Post-translational modifications that alter protein activity are essential for signal transduction in many signaling pathways. The Epidermal Growth Factor Receptor (EGFR) pathway uses a kinase cascade to activate Mitogen-Activated Protein Kinase (MAPK) by phosphorylation. Phosphorylated MAPK can translocate into the nucleus and activate the transcription of target genes. In the Drosophila wing disc, the effect of MAPK on its target gene argos (aos) is mediated by phosphorylation and inactivation of the transcriptional repressor Capicua (Cic). Phosphorylated Cic can be exported from the nucleus and/or degraded.
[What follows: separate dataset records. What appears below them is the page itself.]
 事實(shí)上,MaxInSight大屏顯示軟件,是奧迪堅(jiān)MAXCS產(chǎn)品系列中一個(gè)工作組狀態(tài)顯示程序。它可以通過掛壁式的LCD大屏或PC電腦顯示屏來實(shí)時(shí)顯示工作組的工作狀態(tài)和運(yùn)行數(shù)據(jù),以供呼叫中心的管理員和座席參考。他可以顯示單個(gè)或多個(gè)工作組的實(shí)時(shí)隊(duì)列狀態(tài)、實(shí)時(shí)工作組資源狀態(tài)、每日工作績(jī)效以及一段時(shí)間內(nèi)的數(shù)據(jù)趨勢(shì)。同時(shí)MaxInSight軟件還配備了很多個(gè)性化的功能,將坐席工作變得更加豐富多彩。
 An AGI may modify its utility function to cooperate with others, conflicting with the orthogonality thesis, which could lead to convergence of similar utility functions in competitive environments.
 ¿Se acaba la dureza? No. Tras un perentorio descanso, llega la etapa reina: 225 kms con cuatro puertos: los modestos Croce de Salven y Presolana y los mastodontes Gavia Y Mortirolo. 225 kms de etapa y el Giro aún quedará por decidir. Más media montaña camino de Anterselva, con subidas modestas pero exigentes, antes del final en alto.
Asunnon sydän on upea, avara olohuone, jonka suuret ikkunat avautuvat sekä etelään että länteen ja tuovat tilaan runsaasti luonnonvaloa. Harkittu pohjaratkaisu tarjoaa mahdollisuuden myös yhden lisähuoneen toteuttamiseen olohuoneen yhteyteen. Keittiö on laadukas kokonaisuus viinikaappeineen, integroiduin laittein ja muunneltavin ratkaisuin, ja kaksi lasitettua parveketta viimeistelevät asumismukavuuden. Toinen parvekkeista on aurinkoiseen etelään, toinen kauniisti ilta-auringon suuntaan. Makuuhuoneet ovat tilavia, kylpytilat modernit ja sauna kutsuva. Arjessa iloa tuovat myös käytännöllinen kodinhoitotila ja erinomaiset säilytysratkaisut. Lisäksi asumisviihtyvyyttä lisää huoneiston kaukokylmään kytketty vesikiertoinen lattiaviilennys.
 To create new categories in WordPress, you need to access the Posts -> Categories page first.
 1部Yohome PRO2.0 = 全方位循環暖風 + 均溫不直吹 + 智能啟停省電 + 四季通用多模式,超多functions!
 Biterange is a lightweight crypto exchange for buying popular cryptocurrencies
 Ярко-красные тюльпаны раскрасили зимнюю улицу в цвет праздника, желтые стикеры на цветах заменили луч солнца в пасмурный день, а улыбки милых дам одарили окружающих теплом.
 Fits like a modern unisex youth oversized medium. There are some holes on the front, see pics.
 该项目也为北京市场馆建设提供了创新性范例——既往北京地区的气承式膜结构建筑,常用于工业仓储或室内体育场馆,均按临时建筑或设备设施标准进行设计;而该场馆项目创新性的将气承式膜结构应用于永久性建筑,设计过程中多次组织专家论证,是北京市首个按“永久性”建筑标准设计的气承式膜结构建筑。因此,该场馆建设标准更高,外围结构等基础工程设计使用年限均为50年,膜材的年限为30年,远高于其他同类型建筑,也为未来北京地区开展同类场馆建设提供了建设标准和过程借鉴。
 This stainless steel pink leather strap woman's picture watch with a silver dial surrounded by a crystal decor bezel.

In a genetic screen for regulators of EGFR signaling, we found two mutations in the csn1b gene. Loss of CSN1b leads to ectopic activation of the EGFR target gene aos in the wing disc. csn1b encodes a subunit of the COP9 signalosome (CSN), a complex that removes Nedd8 (a Ubiquitin-like protein) from substrates. The best characterized substrates for the CSN are Cullins (scaffold subunits of E3 ubiquitin ligases), which are active in their neddylated state. aos is also misexpressed in the absence of other CSN subunits, and this misexpression requires a basal level of EGFR signaling.
We have traced the effect of the CSN on aos to its positive regulation of Cic stability. Cic levels are reduced in cells lacking CSN subunits, and the expression of other Cic target genes, including cyclin E and an artificial reporter, is increased. Interestingly, removing the MAPK docking site from Cic protects it from degradation in csn5 mutant cells, but not in csn1b mutant cells, suggesting the existence of two separate degradation mechanisms.
We are now investigating the mechanisms by which the CSN regulates Cic levels. The activity of Cullin-based ubiquitin ligases appears to be increased in CSN mutant cells, suggesting that a Cullin complex could ubiquitinate Cic and send it to 26S proteasome-mediated degradation. Alternatively, another type of ubiquitin ligase, or Cic itself, could be a substrate for deneddylation by CSN. As human Cic is a tumor suppressor gene, these results may shed light on the role of the CSN in cancer.